Pero, con el tiempo y gracias al amor de otras y otros, me di cuenta de que es, precisamente, la no renuncia a ninguna de ellas –la del interior y la exterior–. La convicción de asumirlas como propias es lo único que no desequilibraba mi vida, a diferencia del sufrimiento que provocaba el que por temporadas renunciaba a alguna de estas vidas. En esto no hay culpables, no puede haber culpables, cada ser humano es distinto, el mundo es diverso y sólo el cambio es permanente, la aspiración única del hombre es encontrar el conflicto y superarlo, ni siquiera es la paz, la paz es un estado al que se puede llegar hasta después de la guerra, del desamor. El conflicto es evolución, es el único elemento que nos permite el crecimiento interno, externo y social, todos los seres humanos intentamos sobrevivir, y todos nuestros actos están determinados por nuestra herencia genética, cultural y social, nuestro hacer es producto de nuestra propia miseria o riqueza antropológica, no podemos ser culpables, pero sí somos responsables de todos nuestros actos, en cada uno está el cambiar, el transformarse, el hacer cada vez más estrecho el espacio entre nuestros sueños y nuestra realidad. Y aprendí que uno puede renunciar al apego a lo tangible que es el veneno de su vida exterior y quedarse sólo con lo esencial y beneficioso, que le ayude a ser más uno mismo, a amarse y amar y hacerlo en consonancia con su propósito interior e inalterable. Al fin y al cabo, la vida exterior cambia constantemente y la podemos y debemos construir a nuestra medida, a partir de nuestra firmeza interior y lo que elegimos libremente, y será la suma de cada pequeña decisión que tomemos. Pero el interior, en cambio, tiene un vigía permanente que es la Conciencia que nos recuerda que esa vida coherente y plena pugna por salir, por evidenciarse en nuestra vida y que lograrlo nos procura serenidad interior. Y, en cuanto aparece una oportunidad de vivir plenos, resuena en nuestro interior y es difícil renunciar a ello. Quizás sea, al fin, esa renuncia voluntaria a vivir lo que sentimos profundamente, la que nos hace sentir patológicamente solos y desequilibrados –además de hacernos sufrir–, al ser poco consistentes con nuestro interior y con el sentido verdadero de lo que acontece en nuestra vida.

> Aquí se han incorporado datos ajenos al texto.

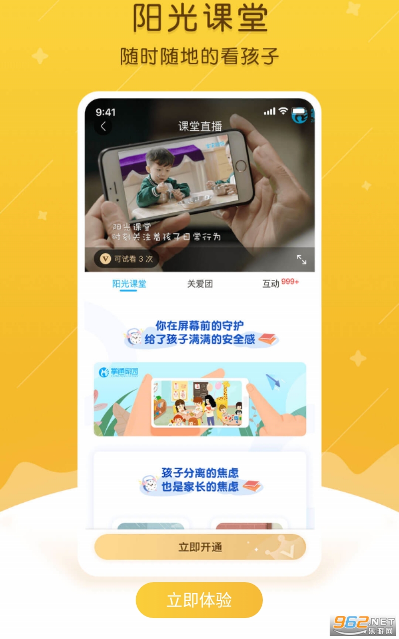 开放式的远程视频直播,让家长能随时随地观看宝宝的在校动态。
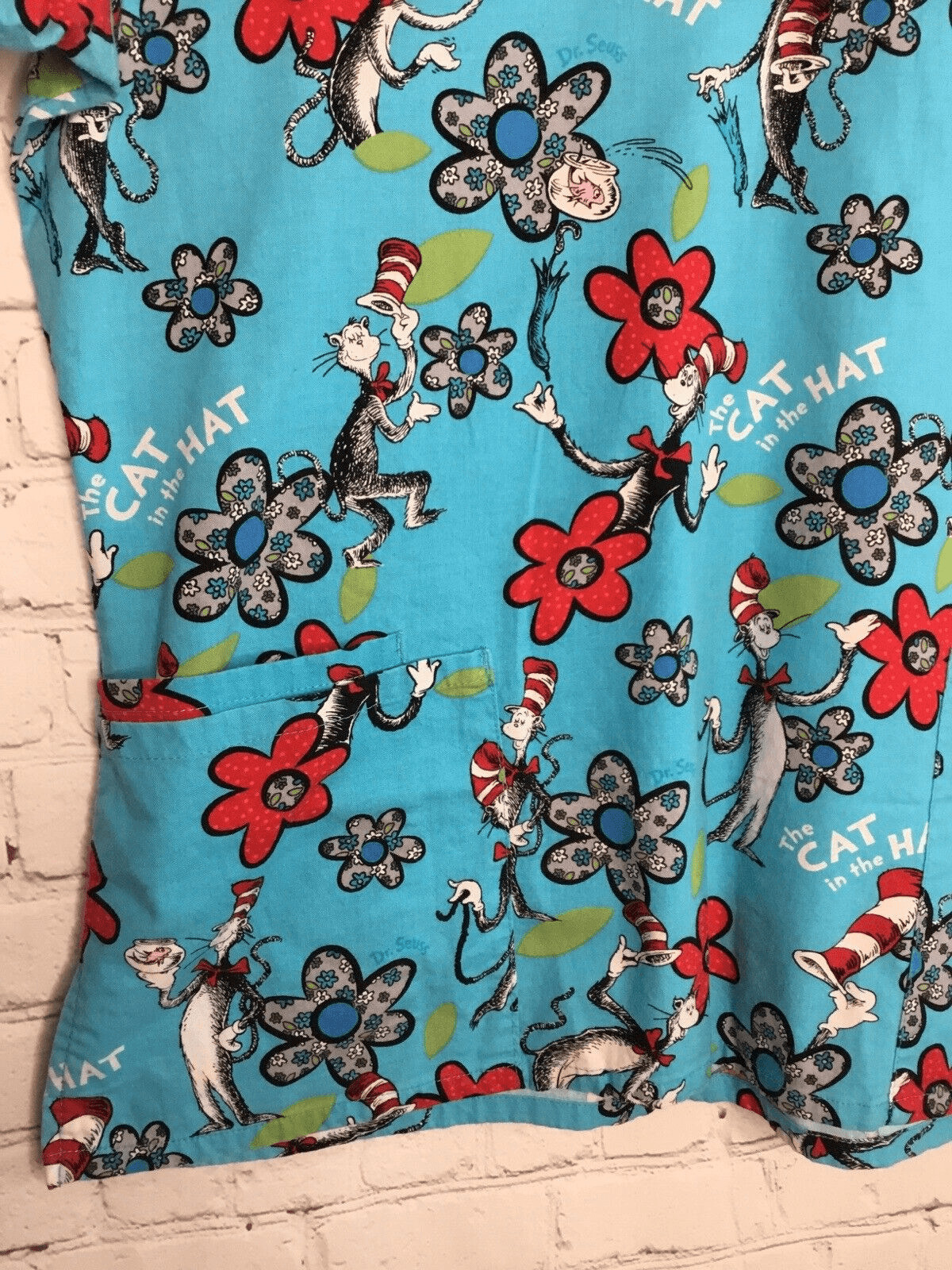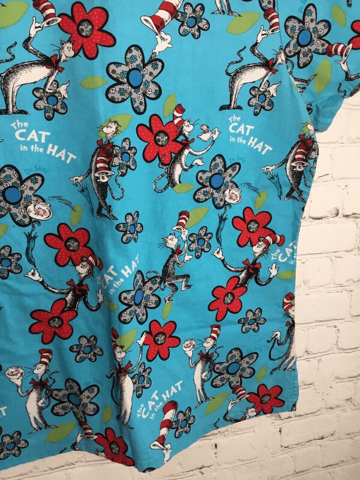 Cherokee Dr Seuss CAT IN THE HAT Women SCRUB TOP Sz M 100 Cotton Blue
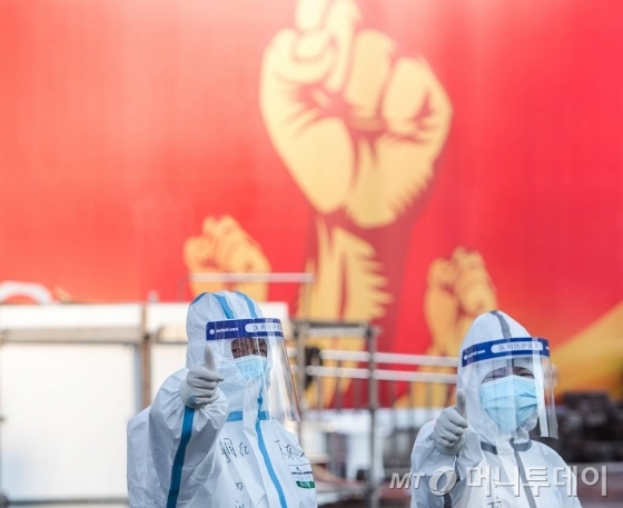 ![[우한=신화/뉴시스]12일(현지시간) 중국 후베이성 우한에서 체육관을 개조해 만든 신종 코로나바이러스 감염증(코로나19) 임시 병원에서 의료진이 엄지손가락을 치켜들어 서로를 격려하고 있다. 후베이성 위생건강위원회는 "13일 0시 기준 사망자가 242명 늘어 총 1310명”이라고 밝혔다. 2020.02.13.](https://thumb.mt.co.kr/cdn-cgi/image/f=avif/21/2020/02/2020022711030305115_1.jpg)
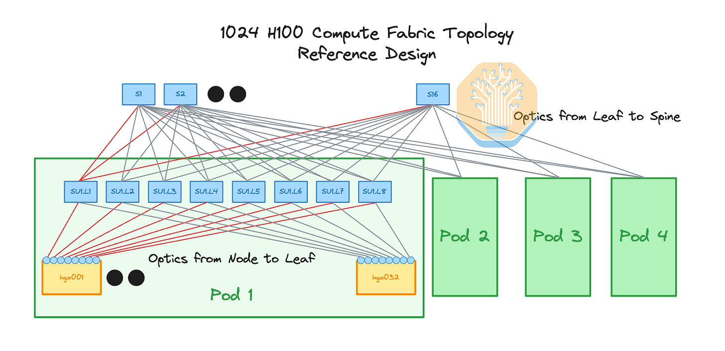 The Nvidia reference architecture also divides the cluster into 4 pods (also known as scalable units or SU), with each pod containing 32 HGX servers (256 H100s) and 8 rails. Each GPU index is always one hop away from the same GPU index in another server within the pod. This is important because it reduces network traffic on the spine switches which can easily be a congestion hotspot (even on non-blocking networks).

Debemos darnos a los otros, a los problemas de los otros, por solidaridad, por nosotros mismos, porque nos afecta, no por hacer un favor, el favor no debe existir, el favor corrompe el futuro, la gente por pagar un favor, por no ser ingrata, es capaz de mentir, de engañar, de comprometer su integridad, su dignidad, su respeto y su futuro. El primer paso en entender que cuando hacemos algo por alguien siempre lo hacemos por nosotros mismos, la diferencia es donde radica nuestro YO, si éste sólo te da para preocuparte por lo que pasa en tu casa, pues harás cosas para estar bien en tu casa, pero si a tu YO le afecta lo que pasa con tu vecino y lo que le pasa al que vive al otro lado del mundo, entonces tu YO deberá hacer cosas que ayuden a los que están al otro lado del mundo, pero lo harás no por lo demás, lo harás por no sentirte mal, para estar bien tú y tu ser interior, es decir tu YO.

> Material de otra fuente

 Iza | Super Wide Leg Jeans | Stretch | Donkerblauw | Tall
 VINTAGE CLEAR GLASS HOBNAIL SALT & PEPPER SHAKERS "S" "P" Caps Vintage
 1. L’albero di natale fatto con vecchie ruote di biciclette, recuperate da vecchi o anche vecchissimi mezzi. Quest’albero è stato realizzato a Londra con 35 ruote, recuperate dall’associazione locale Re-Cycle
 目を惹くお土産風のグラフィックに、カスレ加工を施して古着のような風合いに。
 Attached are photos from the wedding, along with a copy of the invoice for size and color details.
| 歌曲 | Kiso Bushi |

Así, insisto, la vida no es más que ese necesario equilibrio entre nuestro interior y el exterior… y, sin duda, la felicidad es consecuencia de ese equilibrio que nos permite ser capaces de adaptarnos a nuestro mundo exterior y cambiante, pero sin dejar de obedecer a nuestro propósito interior, donde habitamos con el amor y, como consecuencia de ello, llega la tan deseada paz, pero no se puede lograr si solo fluimos, si dejamos que las cosas pasen, debemos tomar las riendas. La vida debe ser una construcción consciente.